----- Task inputs -----
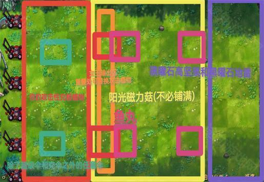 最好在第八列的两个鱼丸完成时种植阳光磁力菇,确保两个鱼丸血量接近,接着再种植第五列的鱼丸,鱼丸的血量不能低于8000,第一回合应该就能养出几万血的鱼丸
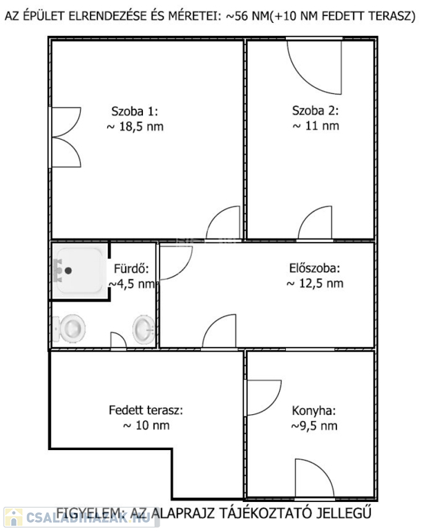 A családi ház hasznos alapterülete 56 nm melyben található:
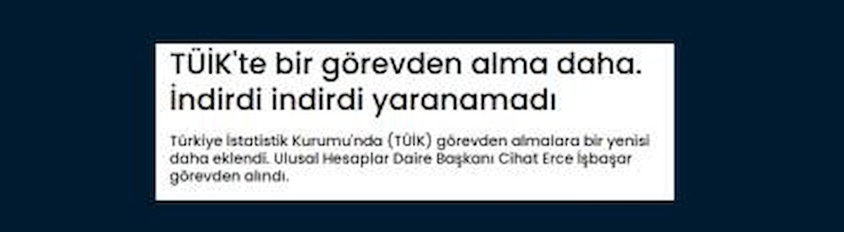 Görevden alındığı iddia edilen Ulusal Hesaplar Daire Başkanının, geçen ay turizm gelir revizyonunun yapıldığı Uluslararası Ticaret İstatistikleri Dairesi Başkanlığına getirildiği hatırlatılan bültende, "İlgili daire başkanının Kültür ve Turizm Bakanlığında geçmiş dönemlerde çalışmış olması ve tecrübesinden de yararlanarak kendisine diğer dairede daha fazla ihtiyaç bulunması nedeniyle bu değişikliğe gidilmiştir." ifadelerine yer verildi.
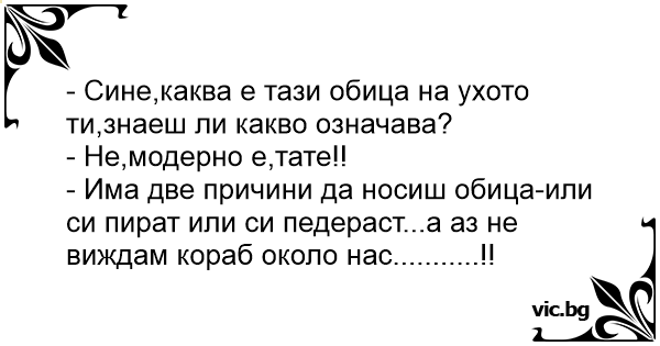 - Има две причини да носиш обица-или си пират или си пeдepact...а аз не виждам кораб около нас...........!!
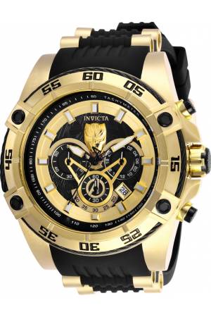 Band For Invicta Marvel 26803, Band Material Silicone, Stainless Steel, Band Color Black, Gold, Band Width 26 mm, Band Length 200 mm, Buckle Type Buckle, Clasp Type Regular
-----
----- Task inputs -----
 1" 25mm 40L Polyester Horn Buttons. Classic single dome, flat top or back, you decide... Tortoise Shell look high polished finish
-----
§ The task
Leaving every picture aside, reproduce exactly the lines above from the one with "最好在第八列的两个鱼丸完成时" up to and including the one with "Band For Invicta", and no others.

§ Solved exercise
 最好在第八列的两个鱼丸完成时种植阳光磁力菇,确保两个鱼丸血量接近,接着再种植第五列的鱼丸,鱼丸的血量不能低于8000,第一回合应该就能养出几万血的鱼丸
 A családi ház hasznos alapterülete 56 nm melyben található:
 Görevden alındığı iddia edilen Ulusal Hesaplar Daire Başkanının, geçen ay turizm gelir revizyonunun yapıldığı Uluslararası Ticaret İstatistikleri Dairesi Başkanlığına getirildiği hatırlatılan bültende, "İlgili daire başkanının Kültür ve Turizm Bakanlığında geçmiş dönemlerde çalışmış olması ve tecrübesinden de yararlanarak kendisine diğer dairede daha fazla ihtiyaç bulunması nedeniyle bu değişikliğe gidilmiştir." ifadelerine yer verildi.
 - Има две причини да носиш обица-или си пират или си пeдepact...а аз не виждам кораб около нас...........!!
 Band For Invicta Marvel 26803, Band Material Silicone, Stainless Steel, Band Color Black, Gold, Band Width 26 mm, Band Length 200 mm, Buckle Type Buckle, Clasp Type Regular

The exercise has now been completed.